** Opening Dataset excerpt block **

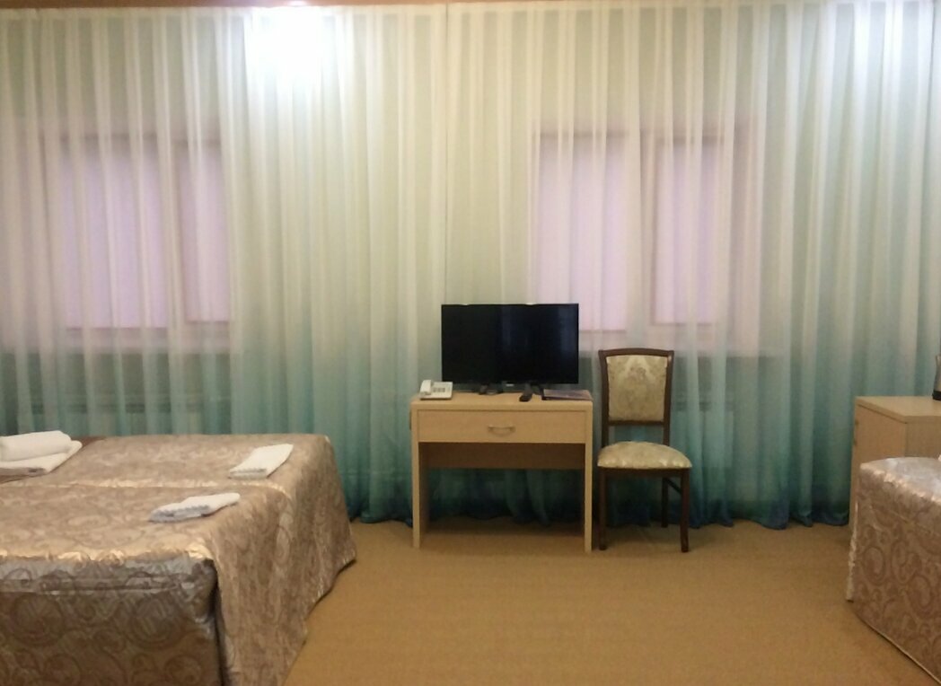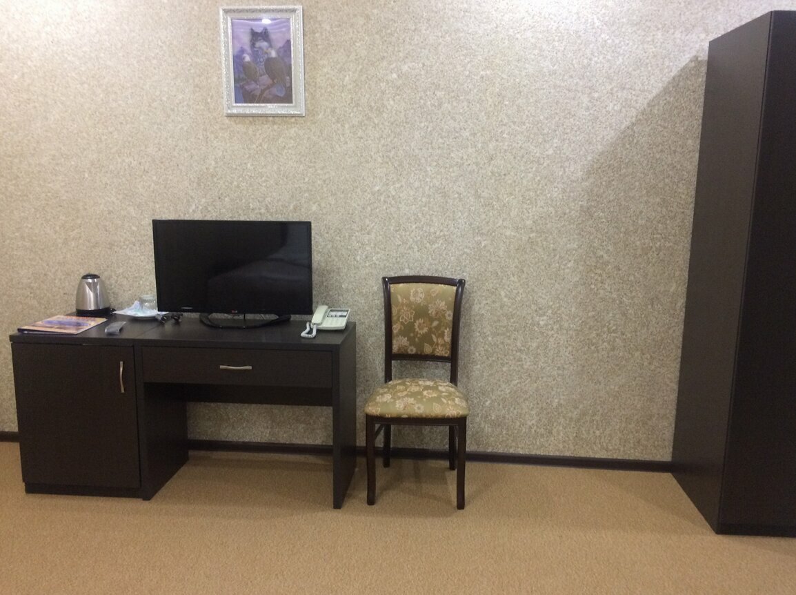 Парковка перед гостиницей большая. Номера нормальные. Рядом есть монетка, магнит, пиццерия, аптека, шашлычная, узбекская кухня. И это от гостиницы в 15м. В номере холодильник, телевизор. Одноразовый шампунь, мыло, фен. Но есть и недостатки они на фото.
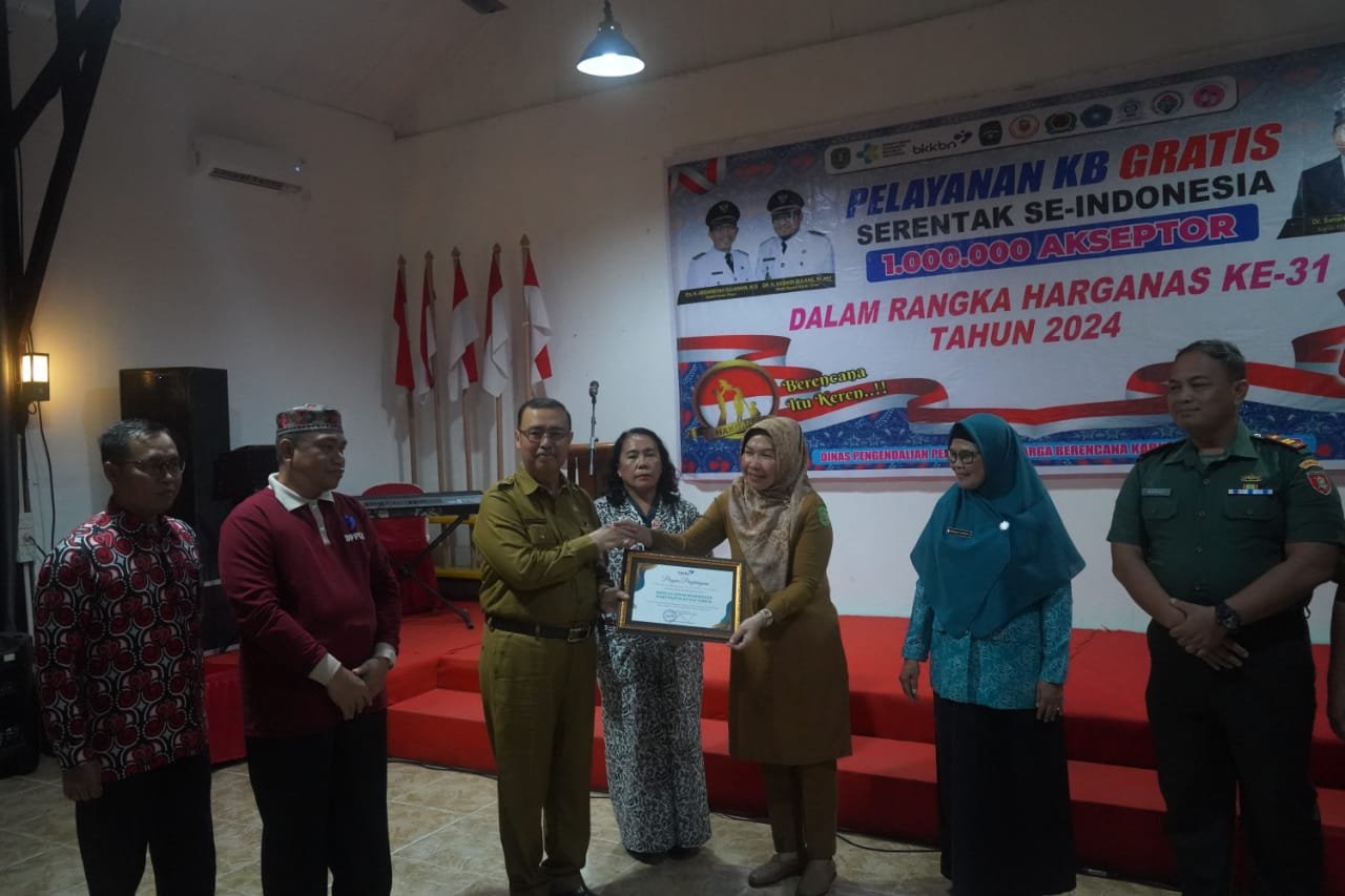 Dalam momen ini turut diserahkan penyerahan piagam atas partisipasi pada kegiatan pelayanan KB serentak 1 juta akseptor. Piagam diserahkan oleh Asisten Pemkesra Poniso Suryo Renggono kepada Kepala Dinas Kesehatan, Ketua TP PKK Kutim, perwakilan Dandim 0909/KTM, Camat Sangatta Selatan, Ketua Pimpinan PKM Sangatta Selatan dan Ketua PC IBI. Dilanjutkan penyerahan bingkisan kepada 5 orang akseptor KB diserahkan oleh Ketua TP PKK Kutim Siti Robiah Ardiansyah kepada Zelin Reziana, Rani Febri Yanti, Erna, Nur Liana dan Sri Wahyuni.(kopi9/kopi13/kopi3)
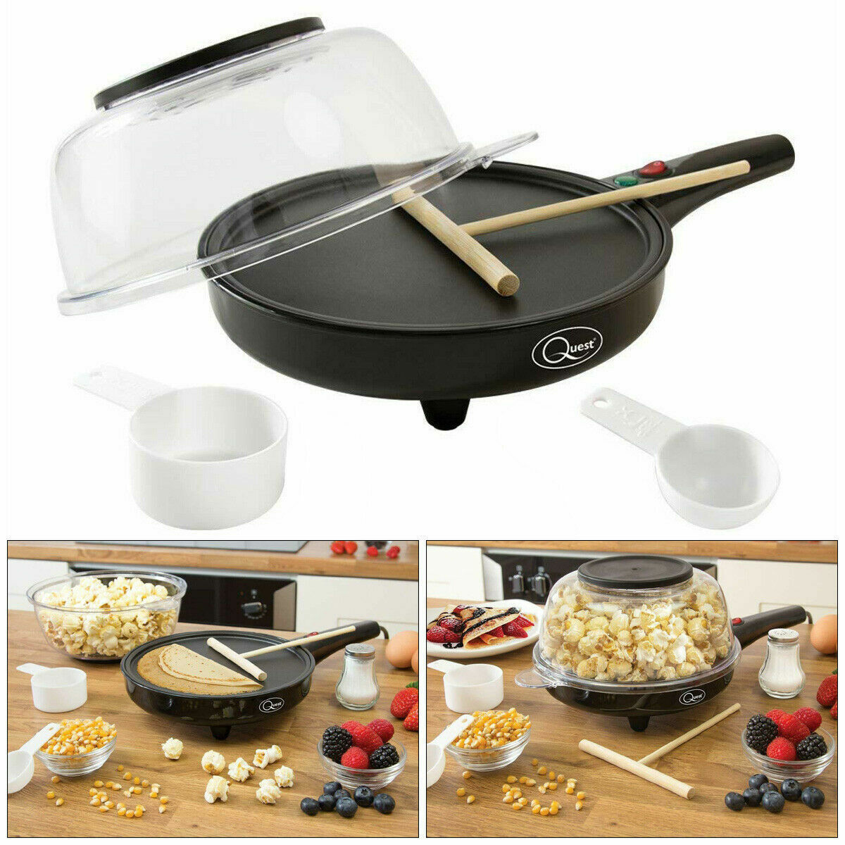 ELECTRIC POPCORN & CREPE MAKER 8" NON STICK PLATE FREE ACCESSORIES 2~IN~1

** Closing Dataset excerpt block **

[Exercise]
Repeat the material above in full and exactly, omitting the pictures.

[Exercise result]
 Парковка перед гостиницей большая. Номера нормальные. Рядом есть монетка, магнит, пиццерия, аптека, шашлычная, узбекская кухня. И это от гостиницы в 15м. В номере холодильник, телевизор. Одноразовый шампунь, мыло, фен. Но есть и недостатки они на фото.
 Dalam momen ini turut diserahkan penyerahan piagam atas partisipasi pada kegiatan pelayanan KB serentak 1 juta akseptor. Piagam diserahkan oleh Asisten Pemkesra Poniso Suryo Renggono kepada Kepala Dinas Kesehatan, Ketua TP PKK Kutim, perwakilan Dandim 0909/KTM, Camat Sangatta Selatan, Ketua Pimpinan PKM Sangatta Selatan dan Ketua PC IBI. Dilanjutkan penyerahan bingkisan kepada 5 orang akseptor KB diserahkan oleh Ketua TP PKK Kutim Siti Robiah Ardiansyah kepada Zelin Reziana, Rani Febri Yanti, Erna, Nur Liana dan Sri Wahyuni.(kopi9/kopi13/kopi3)
 ELECTRIC POPCORN & CREPE MAKER 8" NON STICK PLATE FREE ACCESSORIES 2~IN~1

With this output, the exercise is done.